Tesla K40 1TB RAM problem

Hello, I have a custom server that I built with 3 Tesla K40’s for some high-intensity simulation processing. The system blue screen’s anytime I have the full 1TB of RAM installed, I have determined this to be the fault of the K40’s driver.

The problem is that the system is a quad-channel system. If I remove a stick of RAM, and bring the system down to 960G of RAM, the system performance degrades to a single-channel configuration, which hinders performance noticeably (about 20%). I can bring the system down to 512G of RAM and everything runs optimally, but then I can’t run the larger simulations that need the 1TB of memory space, which is what I built the system for, and 20% doesn’t seem like much but in this instance, it is a measure of days, and some of these simulations are time-critical.
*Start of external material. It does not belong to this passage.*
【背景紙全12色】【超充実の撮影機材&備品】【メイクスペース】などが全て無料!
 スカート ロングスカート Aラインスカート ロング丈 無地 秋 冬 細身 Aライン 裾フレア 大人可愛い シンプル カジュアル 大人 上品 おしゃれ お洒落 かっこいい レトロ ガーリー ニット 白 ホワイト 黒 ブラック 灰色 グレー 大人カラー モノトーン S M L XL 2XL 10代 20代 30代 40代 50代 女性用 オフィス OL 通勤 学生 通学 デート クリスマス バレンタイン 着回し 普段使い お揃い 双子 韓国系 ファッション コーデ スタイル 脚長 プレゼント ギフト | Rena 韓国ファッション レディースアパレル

I was wondering if there was an environment variable (or something like it) within the K40 that I could manually set to only give it access to 960G of the system RAM? That way I could have the full 1TB plugged into the system, and the motherboard/processors would still operate under the quad-channel configuration and the system wouldn’t blue screen due to the NVidia driver limitation.
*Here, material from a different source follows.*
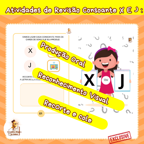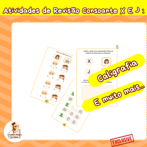 Propõe exercícios de leitura e escrita com palavras que contenham X e J, jogos de associação entre som e imagem, ditados com foco na pronúncia e desafios de completar palavras. Tudo para reforçar a diferenciação entre esses sons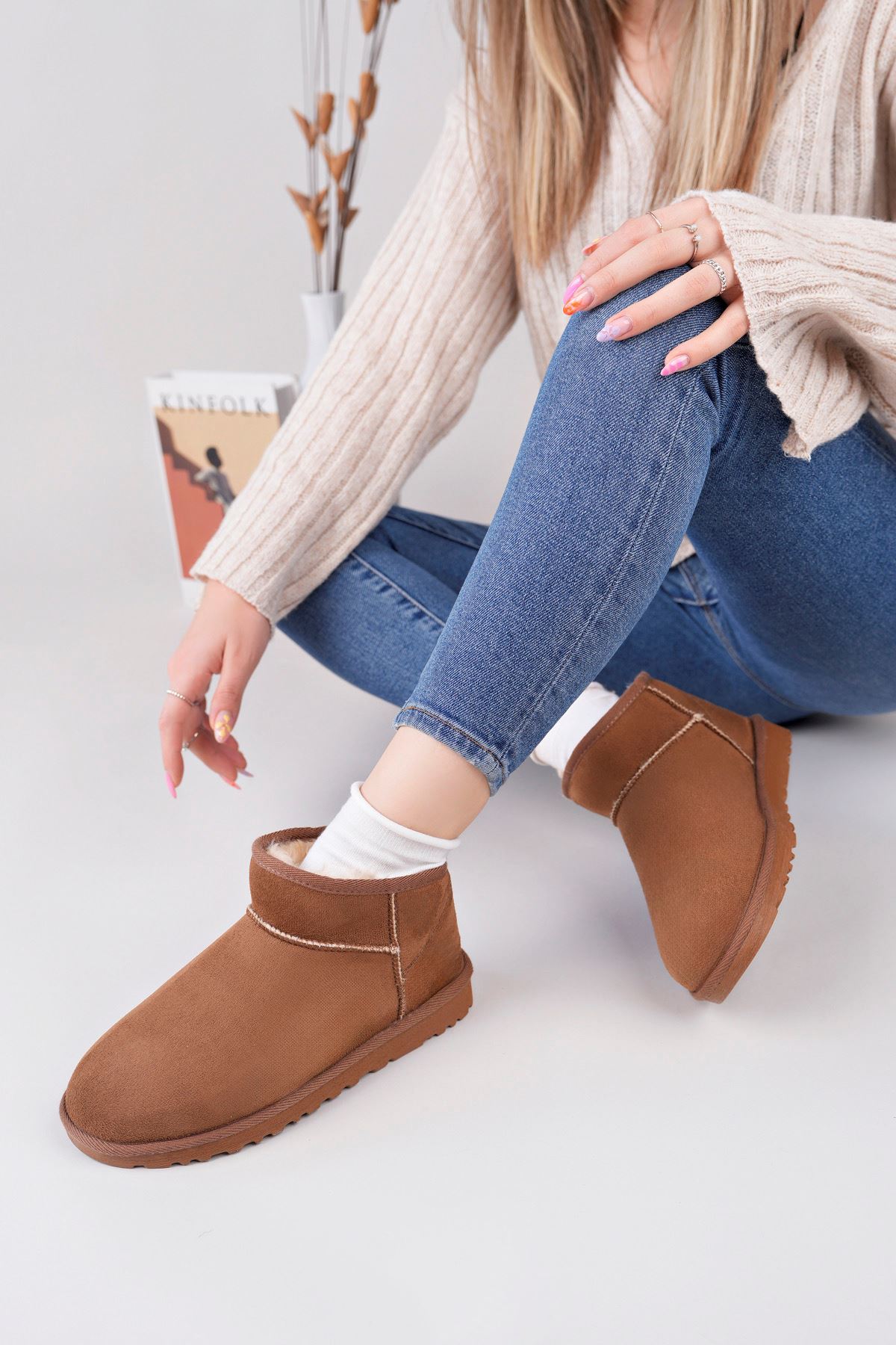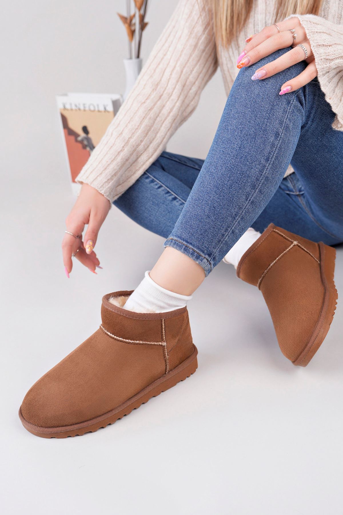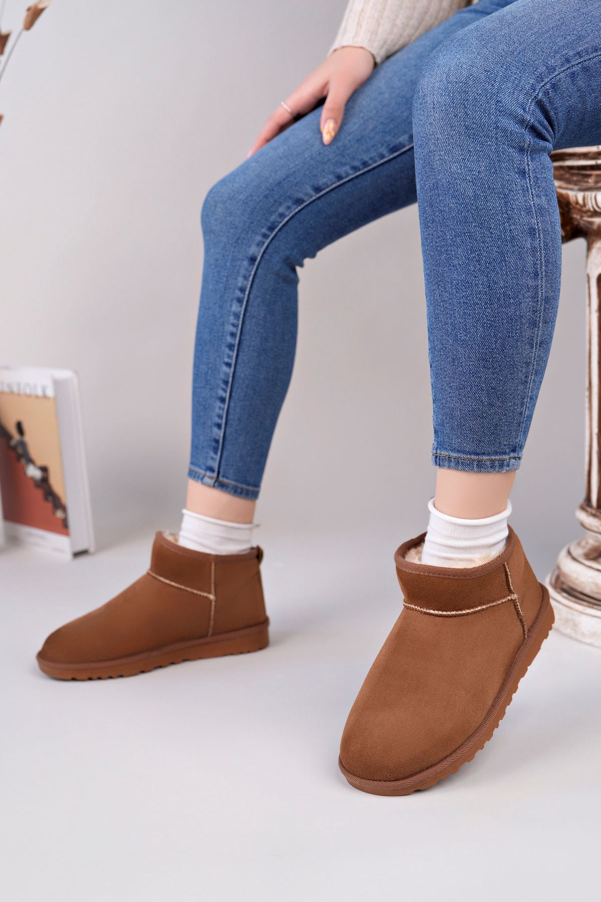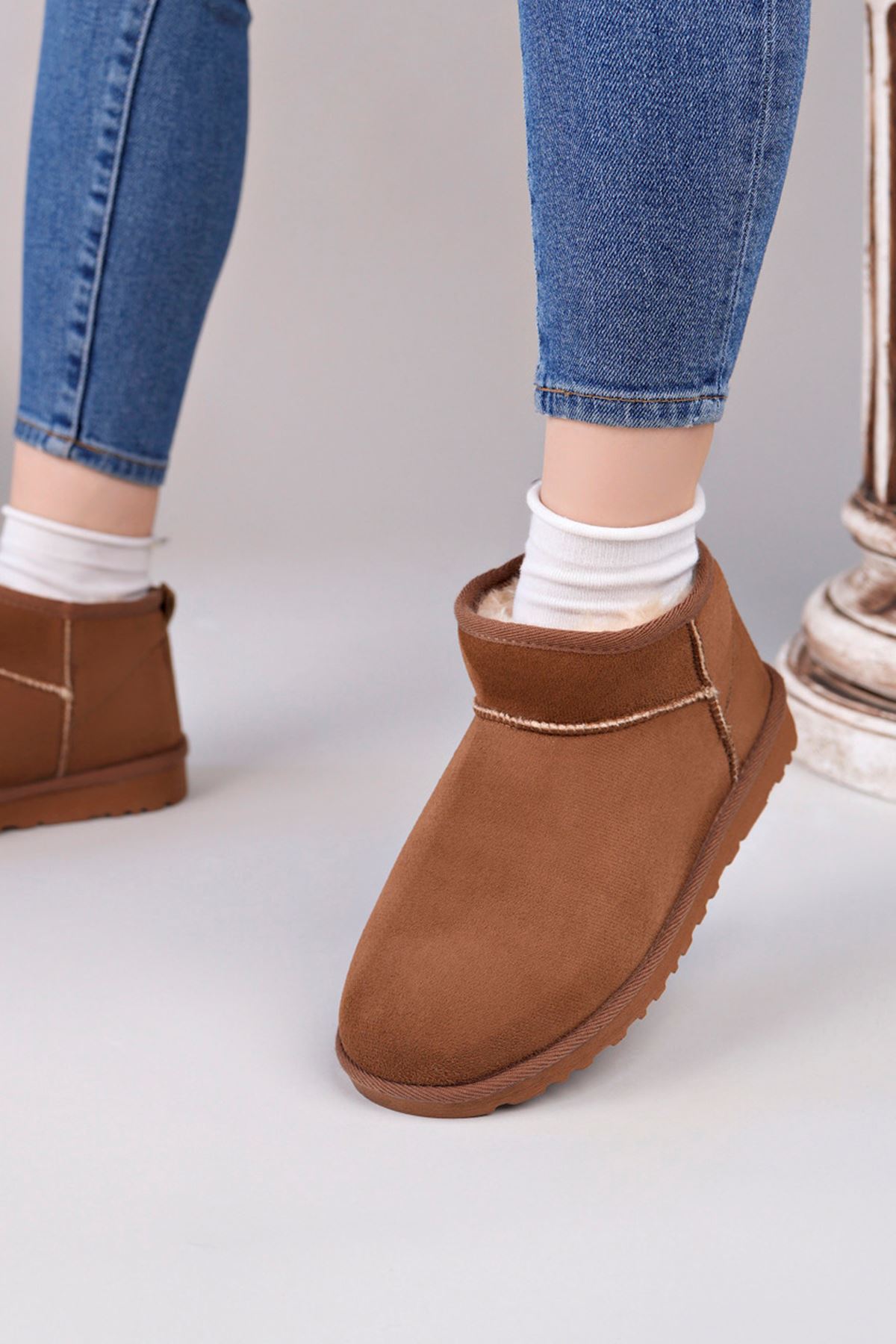 ;Kadın Garantili İçi Kürklü Kısa Hafif Taban Kışlık Uggm.301

Any assistance would be appreciated, thanks in advance!

Have you thought about trying Linux instead?

[s]If you have not done so yet, I would highly recommend reporting this as a bug to NVIDIA. Even companies the size of NVIDIA do not routinely have Windows systems with 1 TB of system memory sitting around in their QA departments (or anywhere for that matter).
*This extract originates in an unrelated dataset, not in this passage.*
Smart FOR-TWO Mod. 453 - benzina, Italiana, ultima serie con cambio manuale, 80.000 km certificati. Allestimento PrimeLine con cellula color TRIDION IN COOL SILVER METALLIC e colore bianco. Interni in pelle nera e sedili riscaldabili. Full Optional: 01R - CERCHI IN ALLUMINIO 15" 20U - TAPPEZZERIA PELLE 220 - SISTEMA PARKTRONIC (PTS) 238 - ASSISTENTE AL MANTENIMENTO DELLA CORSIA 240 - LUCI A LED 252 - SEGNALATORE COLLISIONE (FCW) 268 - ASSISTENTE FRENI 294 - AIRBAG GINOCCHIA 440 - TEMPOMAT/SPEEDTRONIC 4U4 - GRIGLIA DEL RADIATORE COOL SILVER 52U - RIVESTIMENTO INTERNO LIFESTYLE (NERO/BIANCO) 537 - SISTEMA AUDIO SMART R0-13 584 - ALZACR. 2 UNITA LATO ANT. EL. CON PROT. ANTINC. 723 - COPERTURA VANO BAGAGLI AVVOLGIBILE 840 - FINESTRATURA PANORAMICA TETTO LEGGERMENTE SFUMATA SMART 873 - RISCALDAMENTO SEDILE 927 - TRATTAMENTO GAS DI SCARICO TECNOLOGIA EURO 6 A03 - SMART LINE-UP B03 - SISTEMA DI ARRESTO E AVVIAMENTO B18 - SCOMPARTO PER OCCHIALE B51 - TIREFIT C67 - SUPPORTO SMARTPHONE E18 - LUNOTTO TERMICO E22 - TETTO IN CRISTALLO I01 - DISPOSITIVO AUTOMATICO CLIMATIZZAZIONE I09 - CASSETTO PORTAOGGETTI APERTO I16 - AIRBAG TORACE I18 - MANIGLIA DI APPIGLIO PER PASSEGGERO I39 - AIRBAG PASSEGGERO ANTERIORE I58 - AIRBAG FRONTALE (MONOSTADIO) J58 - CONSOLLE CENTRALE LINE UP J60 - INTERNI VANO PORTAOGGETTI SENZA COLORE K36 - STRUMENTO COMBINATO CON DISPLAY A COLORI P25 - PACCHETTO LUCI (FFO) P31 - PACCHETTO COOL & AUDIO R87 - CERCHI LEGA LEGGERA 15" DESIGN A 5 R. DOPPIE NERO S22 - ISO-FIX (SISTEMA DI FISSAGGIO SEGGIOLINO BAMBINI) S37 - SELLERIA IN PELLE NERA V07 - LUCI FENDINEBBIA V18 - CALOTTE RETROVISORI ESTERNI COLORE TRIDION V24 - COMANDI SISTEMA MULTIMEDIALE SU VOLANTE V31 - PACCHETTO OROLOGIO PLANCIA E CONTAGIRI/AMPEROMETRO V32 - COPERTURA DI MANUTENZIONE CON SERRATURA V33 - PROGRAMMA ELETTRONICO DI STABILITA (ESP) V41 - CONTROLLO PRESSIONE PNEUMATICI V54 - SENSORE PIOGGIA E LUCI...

I am curious how you determined conclusively that the GPU driver is at fault. It seems possible for a TCC driver to cause a system panic, but I would have considered an OS component a more likely source of that, or instability of the hardware.[/s]

It’s not (primarily) a windows or linux issue. It’s a limitation of the K40 and all pre-pascal GPUs that have a 40-bit TLB map (and, to some extent, system BIOS dependent).

You’ll be limited to 1TB of memory (or 512GB for Fermi GPUs, not in view here), and that is only achievable in special situations. For most typical situations and the way most server BIOSes work, you are limited to less than 1TB. Here’s some indication for this issue:

[url]https://us.download.nvidia.com/XFree86/Linux-x86/331.20/README/addressingcapabilities.html[/url]

AFAIK there are no environment variables that can work around this or modify it. It’s a function of where the system assigns resources that the K40 needs, above or below the 1 TB barrier. You may be able to find some system BIOS entries that affect mapping, and/or OS config parameters, and it may be worth a try, but I’ve not personally worked thru the process.

Pascal (and future) GPUs should not have this limitation. They have something like 49bits of TLB map range:

[url]https://devblogs.nvidia.com/parallelforall/inside-pascal/[/url]

"GP100 extends GPU addressing capabilities to enable 49-bit (512 TB) virtual memory addressing (note that GP100 also supports 47-bit (128 TB) physical memory addressing). "

Thanks for the input everyone, Linux isn’t an option but it’s not a Windows issue. The K40 driver limitation is known by NVidia.

Thx TxBob, yes the P100’s are the end solution to my issue but I have a great number of sims that need to run between now and when I get funding for a new $60,000 server, so I was hoping there was a stop-gap measure I could institute in the mean time. The open-source community is usually better at these things than the direct company, so here I am. lol.

Are there steps you can take in the configuration of your simulation software to reduce memory footprint? Most sophisticated simulation environments I have seen come with myriad configuration switches covering all kind of potential tradeoffs, memory footprint often being one of them (not many people have a 1 TB system at their disposal).